HZhang, Y., Yin, C., Zhang, T., Li, F., Yang, W., Kaminski, R., et al. (2015). CRISPR/gRNA-directed synergistic activation mediator (SAM) induces specific, persistent and robust reactivation of the HIV-1 latent reservoirs. Scientific Reports epress. http://doi.org/10.1038/srep16277
When it comes to HIV/AIDS treatment, we live in a combination best-of-times/worst-of-times. In many parts of the world, HIV/AIDS remains a catastrophic issue. Yet for people with access to treatment, there now exist many highly effective ways to treat HIV and live a long, healthy life. There are many classes of HIV drugs, each of which functions by blocking a specific step of viral replication or maturation. When taken continuously, these treatments can reduce one’s viral load to undetectable levels, and can effectively make a person incapable of transmitting the virus. This is a truly amazing state of affairs, and we at Sick Papes stand in awe of the activists and scientists who fought for decades to bring us this day. (We also spit on the grave of the homophobic shit-head Presidential Administration who actively made the crisis worse.) (We also salute the brave people like rapper Mykki Blanco who are fighting the enduring stigma of HIV.)
However! There is a major issue for all existing treatment regimens: they must be taken continually for one’s entire life, and even a short lapse can cause the virus to come roaring back. This is because there are reservoirs of cells in your body that house “silent” copies of the HIV virus that do not replicate at all, and are invisible to the current replication-blocking treatments; whenever a person stops taking their drugs, these silent reservoirs flare up. The forefront of research on HIV treatment is therefore to find ways to target and destroy these silent reservoirs of HIV positive cells in the body, the source of perpetual risk.
Today’s Sick Pape presents a proof-of-principal for a technique to kill these silent pockets of HIV+ cells in an otherwise healthy person. To do so, the authors take advantage of a bangin’ new technique for activating any gene-of-interest in the genome. This technique, which was invented independently by several labs, involves the perpetually press-shy Cas9 protein…but with a naughty twist. Whereas Cas9 typically cuts DNA (at a genomic location controlled by a 20-bp “guide RNA”), Cas9 can be made unable to cut DNA by mutating specific amino acids in the catalytic core of the enzyme. This catalytically dead Cas9 (”dCas9″) can be fused to transcriptional activator domain, and guided to a gene’s promoter, thus transcriptionally activating that gene [insert DJ airhorn sound]. What’s more, dCas9 can also be fused to a repressor domain, or any other functional domain. In other words, we can now turn on or off any gene in the genome at will: it’s lit.

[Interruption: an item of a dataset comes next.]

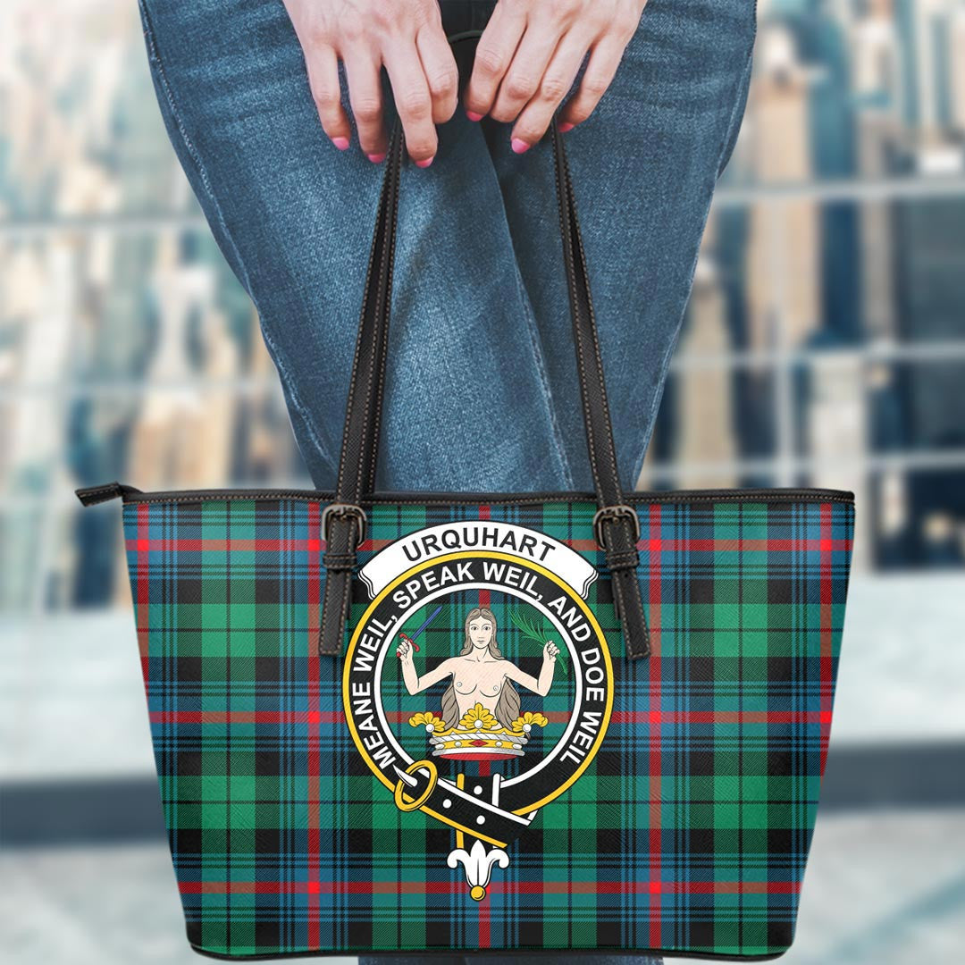 Urquhart Broad Red Ancient Tartan Crest Leather Tote
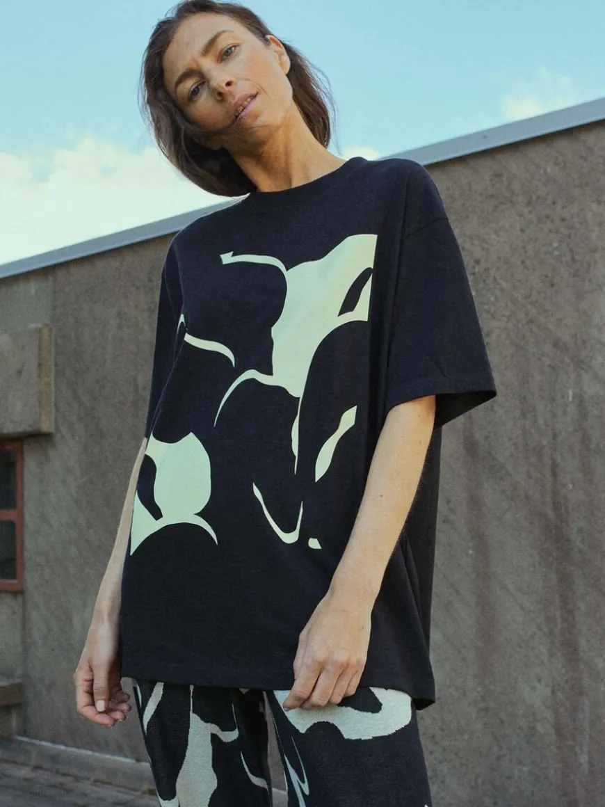 Mainio -Merkin Waving T-Paita.Upealla Kuosilla Varustettu Teeppari Arkeen Ja Vapaa-Aikaan! Pue Yksiväristen Alaosien Kanssa Tai Yhdistä Saman Kuosin Housujen Kanssa Yhtenäisen Lookin Luomiseksi. Rohkein Pukee Myös Saman Kuosin Kimonon Paidan Ja Housujen Kanssa!Ihanan Pehmeässä Luomupuuvillaisessa T-Paidassa On Waving Etuprintti. Slub-Lanka Antaa Materiaalille Eläväpintaisen Meleeratun Efektin.

Wenfei Hu’s lab, located in downtown Philadelphia, took advantage of this technique to activate the HIV genome in the reservoir cells where the virus hides. Once HIV has been activated, these cells can be killed by the immune system and/or existing drugs. This is obviously dope - but do keep in mind that all of this work is done in cell culture, where it is trivial to deliver dCas9 and guide RNAs to the cells. To make this technique work in humans will take some doing, but man I think someone’s gonna figure out that pretty soon. After all, Cas9 was only discovered like an hour and a half ago, and already a whole army of TED-talking Equity bros are frothing at the mouth to get rich off drugs.

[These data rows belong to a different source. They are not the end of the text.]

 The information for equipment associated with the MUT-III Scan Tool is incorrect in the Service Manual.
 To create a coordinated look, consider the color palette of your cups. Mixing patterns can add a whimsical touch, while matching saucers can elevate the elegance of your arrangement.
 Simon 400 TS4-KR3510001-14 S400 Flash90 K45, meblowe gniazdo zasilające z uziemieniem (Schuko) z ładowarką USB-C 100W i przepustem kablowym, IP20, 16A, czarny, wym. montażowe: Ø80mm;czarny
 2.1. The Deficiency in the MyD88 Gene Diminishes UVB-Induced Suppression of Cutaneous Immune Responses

Many diseases are related to the mis-regulation of genes rather than mutations in their coding sequence. Thus, using dCas9 to regulate gene expression may turn out to be a very powerful tool for a variety of medical treatments, as well as for basic biology research. Just a few days ago a pape dropped using a dCas9-repressor to address muscular dystrophy, and dCas9 can even modulate the epigenome. As Cas9-related research gets increasingly privatized, we here at SickPapes sure do hope that their insatiable profit motives align with the public interest occasionally. Happy Holidays everyone!